Minister of Internal Affairs
- In office 25 February 2022 – 2 September 2022
- President: Kassym-Jomart Tokayev
- Prime Minister: Älihan Smaiylov
- Preceded by: Erlan Turgymbaev
- Succeeded by: Erjan Sädenov

Personal details
- Born: 22 December 1964 (age 61) Shet District, Kazakh SSR, Soviet Union
- Children: 2
- Education: Karagandy State University

= Marat Ahmetjanov =

Kazakh politician (born 1964)

Marat Mūratūly Ahmetjanov (Note: Марат Мұратұлы Ахметжанов, /kk/) (born 22 December 1964) is a Kazakh politician and military officer, who serves as Äkim of Akmola Region since September 2023.

Before that, Ahmetjanov was the Minister of Internal Affairs of Kazakhstan from 2022 to 2023.

== Biography ==
=== Early life and education ===
Ahmetjanov was born in the settlement of Akchetau, Karaganda Region on 22 December 1964. He served in the navy in 1983–1986. Ahmetjanov graduated from the Law Department, Karagandy State University in 1991.

=== Career ===
Right after graduation, Ahmetjanov joined the City of Temirtau Prosecutor's Office as a trainee and later as an investigator. As he rose in rank, Ahmetjanov held executive positions in the General Prosecutor's Office, Ministry of Justice and Ministry of Internal Affairs of the Republic of Kazakhstan.

In particular, he served as a senior investigator of major cases in the General Prosecutor's Office and a Head of Regional Investigators Unit.
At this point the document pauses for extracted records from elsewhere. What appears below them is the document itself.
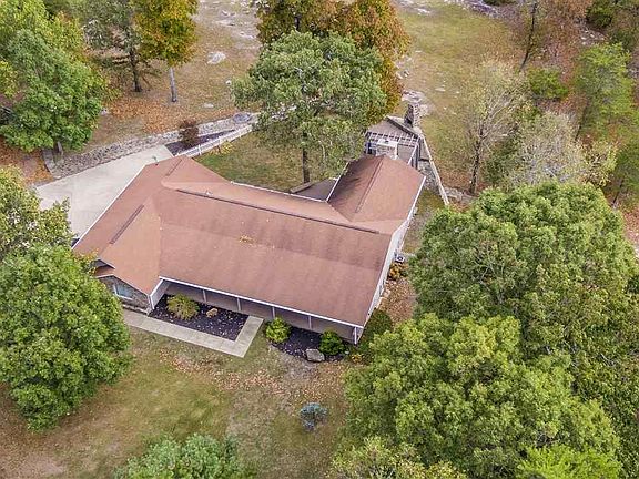 This Home will grab your Attention the minute you enter the drive!! Approx 2500 sq feet of One Level Living with Stone and Vinyl exterior, 2 bedrooms, 2 baths, with 15 x 23 Master Suite, Master Bath with soaking tub and seperate shower. Split bedroom design gives Master Suite privacy! Open living with family room, kitchen and dining rooms makes great for entertaining! 30 x 18 Greatroom w/vaulted ceiling, rock fireplace, book cases, hardwood flooring. French doors leading from Greatroom to outdoor living space with outdoor kitchen and beautiful rock fireplace. Hot tub and Generator are also included with this sale. Home is situated on approx 1.3 acres with beautiful rock formations.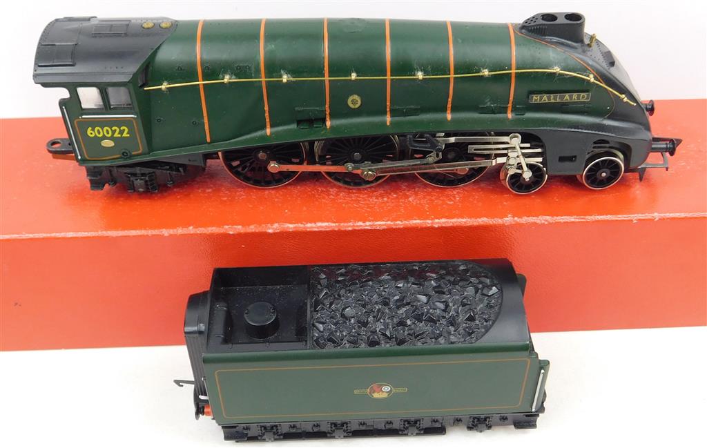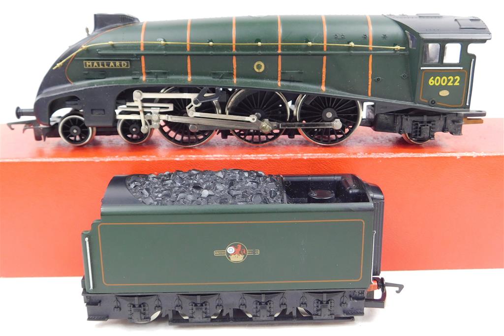 A Hornby tender drive Mallard, poor runner, needs a thorough electrical clean and lubrication, needs a clean, handrails need fixing, no original box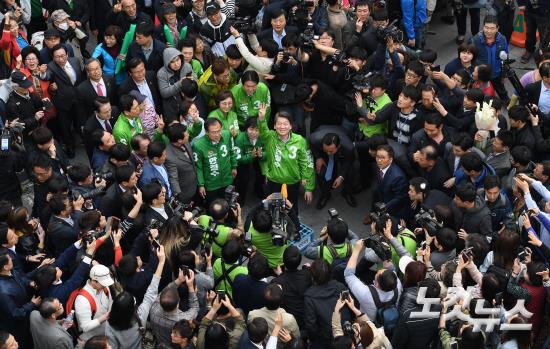 국민의당 안철수 대선후보가 20일 오후 서울 중구 남대문시장에서 시민들에게 인사하고 있다.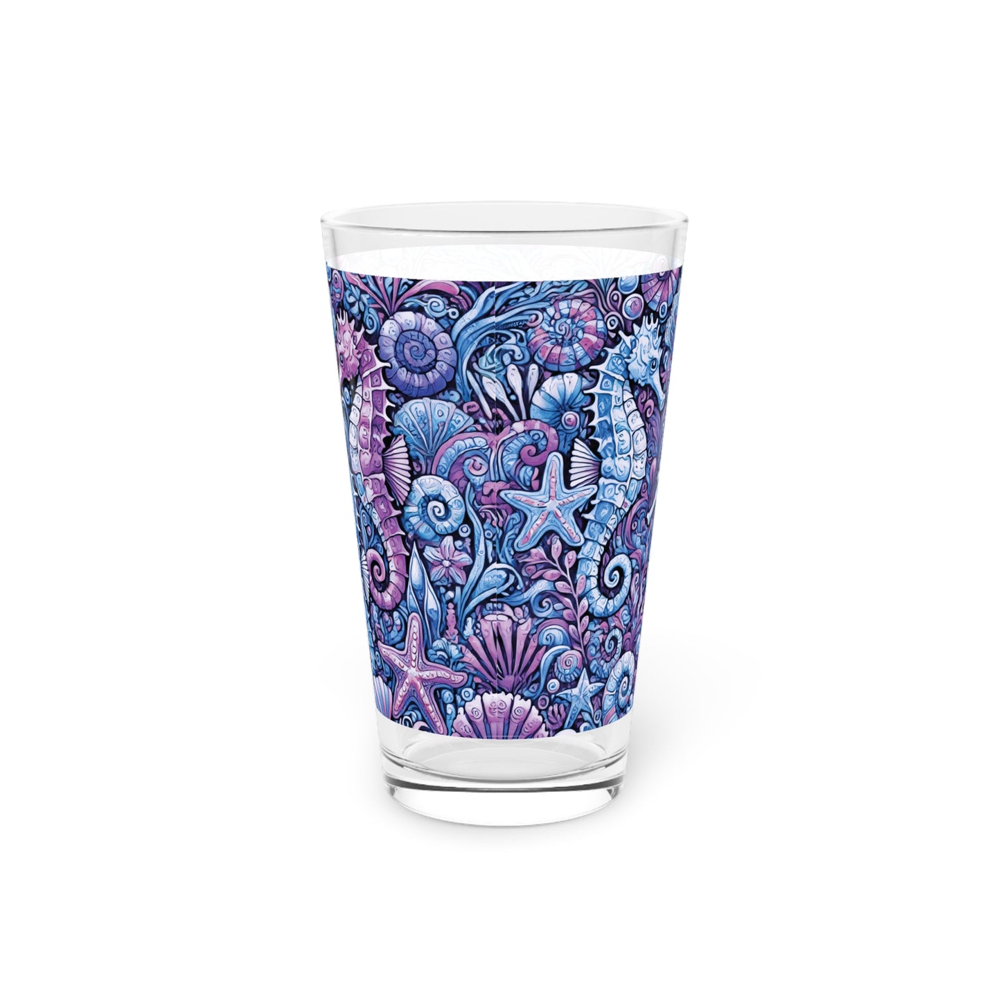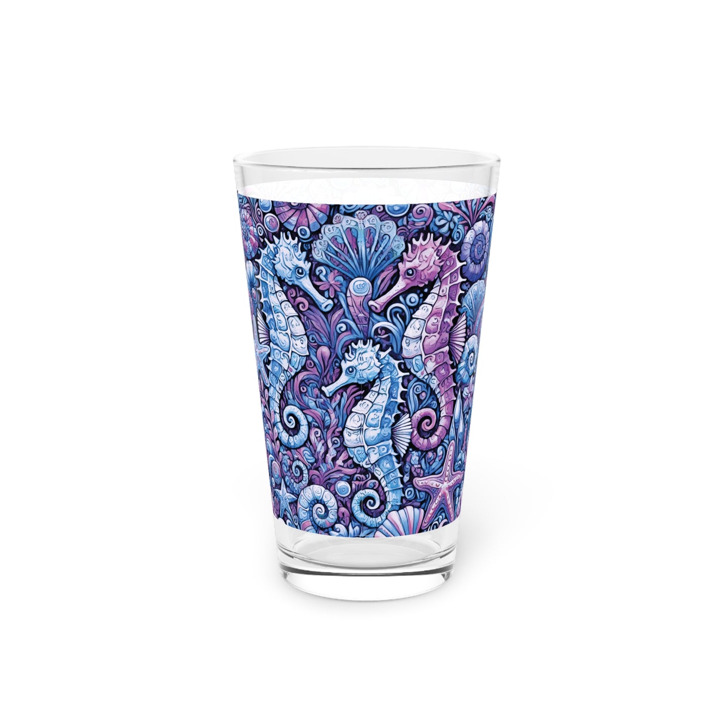 Pint Glass, 16oz - Seahorse Trio Blue
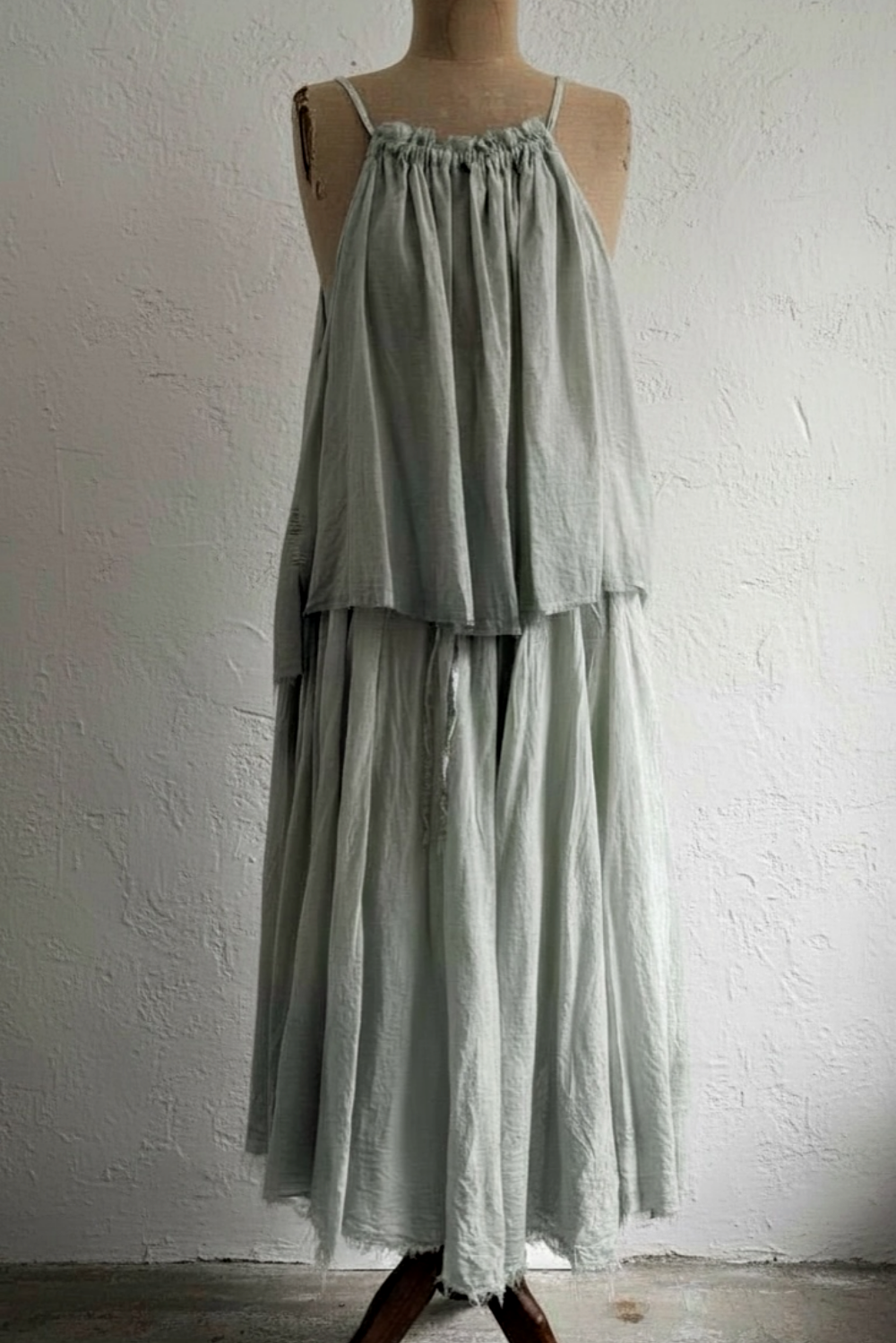 The Parasol Skirt is a long midi length skirt in beautiful soft, fine layers of cotton voile. It has an elastic waistband with a drawstring, and a feathered, raw edged hemline.

In 1996–1997, Ahmetjanov served as the Head of Grave Felonies Unit of the State Investigation Committee, and later led the Investigation Division of the Military Investigation Department.

In 1998–2001, Ahmetjanov served as deputy director of the Investigation Department and later as Deputy Chairman of the Judicial Decree Enforcement Committee under the Ministry of Justice of the Republic of Kazakhstan.
He held positions of the Prosecutor of the Pavlodar Region and South Kazakhstan Region from 2003 until 2009. Later he was appointed Chairman of the Judicial Statistics and Special Records Committee of the General Prosecutor's Office and in 2012, Ahmetjanov came to lead Kazakhstan's Anti-Corruption Agency.

He was appointed Kazakhstan's Minister of Internal Affairs on 25 February 2022, and relieved of that position on 2 September 2023, to become the akim of Akmola Region.